Meanwhile, another ordinary day passes in the second city, home of our 'real' leader
Published 07/05/2016 | 02:30
So there you have it, a new Government with a Corkman pulling the strings, any wonder footsteps have a lot more bounce around the second city this weekend?
With the interminable recession finally receding, and the endless winter storms drifting out toward Biscay, there's a palpable confidence and pep abroad in the city by the Lee.
"Tis all on the up and up, boy," as they say around these parts.
The opening last week of One Albert Quay, dubbed 'Ireland's smartest building', marked another visible stride in Cork's long-awaited renaissance.
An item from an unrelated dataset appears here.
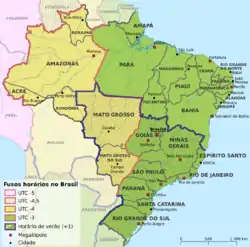 El territorio brasileño, incluidas las islas oceánicas, posee cuatro husos horarios, todos al oeste del meridiano de Greenwich (longitud 0.o). En cada franja de 15.o entre meridianos se produce una variación de 1 hora. Esto significa que en Brasil, el horario oficial varía de 2 a 5 horas menos en relación con el Tiempo universal coordinado, UTC, que regula los relojes y el tiempo. La primera franja engloba las islas oceánicas (longitud 30.o W), con dos horas menos que en UTC, sincronizado con el Tiempo medio de Greenwich u hora Zulú. La segunda franja (45.o W) tiene 3 horas menos que UTC y es la hora oficial de Brasil (horario de Brasilia) y engloba los estados de Distrito Federal, Pará, Amapá, Tocantins, Goiás y las regiones Sur, Sudeste y Nordeste; el tercero (60.o W), con cuatro horas menos, incluye Mato Grosso do Sul, Mato Grosso, Roraima, Rondônia y gran parte del estado de Amazonas, y la cuarta y última franja (UTC-5) engloba los estados de Acre y una pequeña parte del estado de Amazonas.[1]
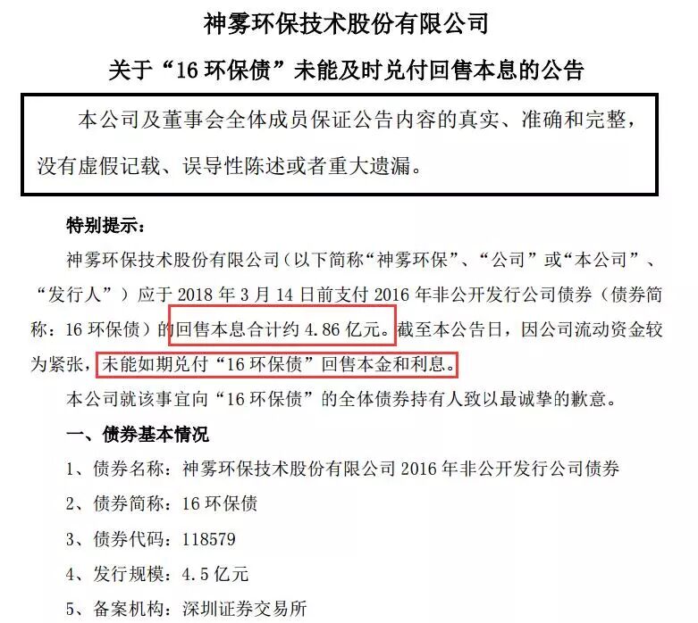 昨晚,神雾环保(300156)公告称,因公司流动资金较为紧张,未能如期兑付“16环保债”回售本金和利息,共计约4.86亿元。

A glass and granite behemoth with enough ergonomic technology to tick every environmentalist's fantasy wish list, it bristles with big-buck salaries, office 'think pods' and a panoramic rooftop café.
"It is Ireland's smartest, and I would say, coolest building," said Donal Sullivan, managing director of Tyco, which has taken over the top floors.
Cranes are also once again dotting the Cork cityscape, with major construction projects rumbling into reality around the Brewery Quarter, the Capitol Complex and the Docklands.
Even the constant traffic snarl from dumper trucks and blocked footpaths isn't bothering the sanguine citizens of Leeside.
"Progress all around us, Cha boy, a whole new city with every chippie and brickie on a grand a week!" as the legendary Miah might have commented.
As the mild winds of May blow the cherry blossoms across Grand Parade, enthusiastic clots of German and French tourists clog the footpaths in search of Frank O'Connor and Sean O'Faolain's long gone laneways. "Please can you tell where ist My First Confession church?" they demand. "You have me there, love," we reply kindly. "But you might catch George Hook and Eddie Hobbs in the Imperial bar if you hurry."
Given Cork has no shortage of beautiful boozers to choose from, it seems a glaring oversight that no literary pub crawl is plying the visiting throngs with entertaining tales of author excess and thespian terror.
Storied haunts like the Hi-B, the Long Valley, the Castle Inn and Dennehy's on the Coal Quay could well match anything on offer in Dublin - seasoned with the smooth lies and witty asides of the fabled Cork repartee. There's a big pride in not genuflecting openly to heroes down South, and consequently stars like Roy Keane, Cillian Murphy and Graham Norton can stroll unhampered through the thickest crowd.
"The average Cork fella spots everything, but says nothing," as the late lamented Joe Lynch once told me.
The city may be home to global game-changers like Apple, Microsoft, EMC and Pfizer, but they've yet to invent an app for the Cork slang. A language as impenetrable as advanced Albanian for newcomers, it remains one of the city's enduring characteristics - and an endless puzzle for Silicon Valley heavy-hitters.
"Gildy, right enough, and well worth a flah if he don't get a fifty." Bewildered? "That chap is certainly a snappy dresser, and may well be in receipt of sexual intimacy if his date turns up." Probably the best piece of Cork slang, though, is the simplest: "I will, yeah," always translates as "Not a hope in hell, mate."
Don't dare talk about the second city inferiority complex, especially if you want to find yourself clasped to a Corkonian's bosom. The 'Dublin thing' is a rivalry that stretches back through the mists of time - even beyond the Long Fellow and the Big Fella. But leaving the Civil War aside - and that's no easy job in a city where T-shirts proclaim: 'Another Corkman shot in the back' beneath Collins's iconic image - a relentless spirit of one-upmanship against the capital is an always-on engine pumping this Southern pride.
"Sure look at Her Majesty, the only place that got a laugh out of her was Cork!" is the latest boast levelled against the Big Smoke.
The steadfast belief of the average Corkonian has remained undaunted through centuries of thick and thin - that there's no place in the world to beat it. Tommy Tiernan put it best: "If Neil Armstrong was a Corkman, as he took that first step on the Moon, he'd definitely have said: "Well, tis grand and all, but tis not Cork, like."